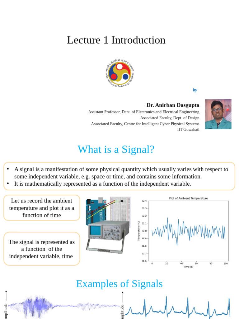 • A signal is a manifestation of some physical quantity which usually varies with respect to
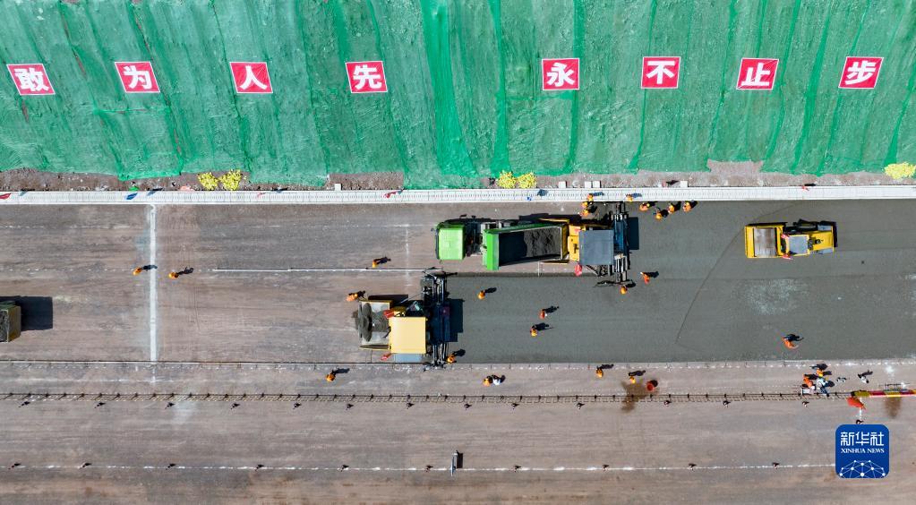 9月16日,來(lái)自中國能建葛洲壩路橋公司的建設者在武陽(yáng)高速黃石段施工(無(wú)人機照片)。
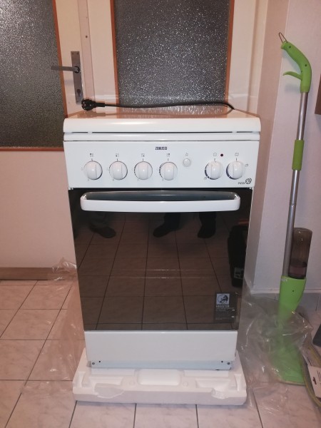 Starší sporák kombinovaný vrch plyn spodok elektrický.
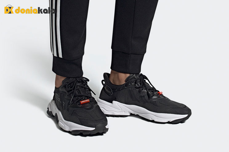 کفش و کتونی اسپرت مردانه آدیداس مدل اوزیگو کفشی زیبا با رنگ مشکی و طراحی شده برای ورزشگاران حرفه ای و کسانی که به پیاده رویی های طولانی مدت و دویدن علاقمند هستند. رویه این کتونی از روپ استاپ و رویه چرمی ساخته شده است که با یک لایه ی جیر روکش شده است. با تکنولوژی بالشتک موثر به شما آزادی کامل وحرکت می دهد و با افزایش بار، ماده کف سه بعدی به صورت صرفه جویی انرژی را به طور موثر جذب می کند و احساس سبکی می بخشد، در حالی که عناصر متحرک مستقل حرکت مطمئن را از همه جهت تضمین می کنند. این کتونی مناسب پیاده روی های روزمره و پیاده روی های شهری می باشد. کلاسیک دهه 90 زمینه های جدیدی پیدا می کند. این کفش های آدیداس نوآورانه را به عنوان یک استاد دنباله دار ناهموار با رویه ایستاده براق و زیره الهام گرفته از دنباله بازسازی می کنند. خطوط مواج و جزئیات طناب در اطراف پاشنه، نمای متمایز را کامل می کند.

—————

Directions for this task
Write out, exactly and only, the lines from the one containing "Starší sporák kombinovaný" through the last line of the material above. Pictures do not go in the copy.

Output of the exercise
 Starší sporák kombinovaný vrch plyn spodok elektrický.
 کفش و کتونی اسپرت مردانه آدیداس مدل اوزیگو کفشی زیبا با رنگ مشکی و طراحی شده برای ورزشگاران حرفه ای و کسانی که به پیاده رویی های طولانی مدت و دویدن علاقمند هستند. رویه این کتونی از روپ استاپ و رویه چرمی ساخته شده است که با یک لایه ی جیر روکش شده است. با تکنولوژی بالشتک موثر به شما آزادی کامل وحرکت می دهد و با افزایش بار، ماده کف سه بعدی به صورت صرفه جویی انرژی را به طور موثر جذب می کند و احساس سبکی می بخشد، در حالی که عناصر متحرک مستقل حرکت مطمئن را از همه جهت تضمین می کنند. این کتونی مناسب پیاده روی های روزمره و پیاده روی های شهری می باشد. کلاسیک دهه 90 زمینه های جدیدی پیدا می کند. این کفش های آدیداس نوآورانه را به عنوان یک استاد دنباله دار ناهموار با رویه ایستاده براق و زیره الهام گرفته از دنباله بازسازی می کنند. خطوط مواج و جزئیات طناب در اطراف پاشنه، نمای متمایز را کامل می کند.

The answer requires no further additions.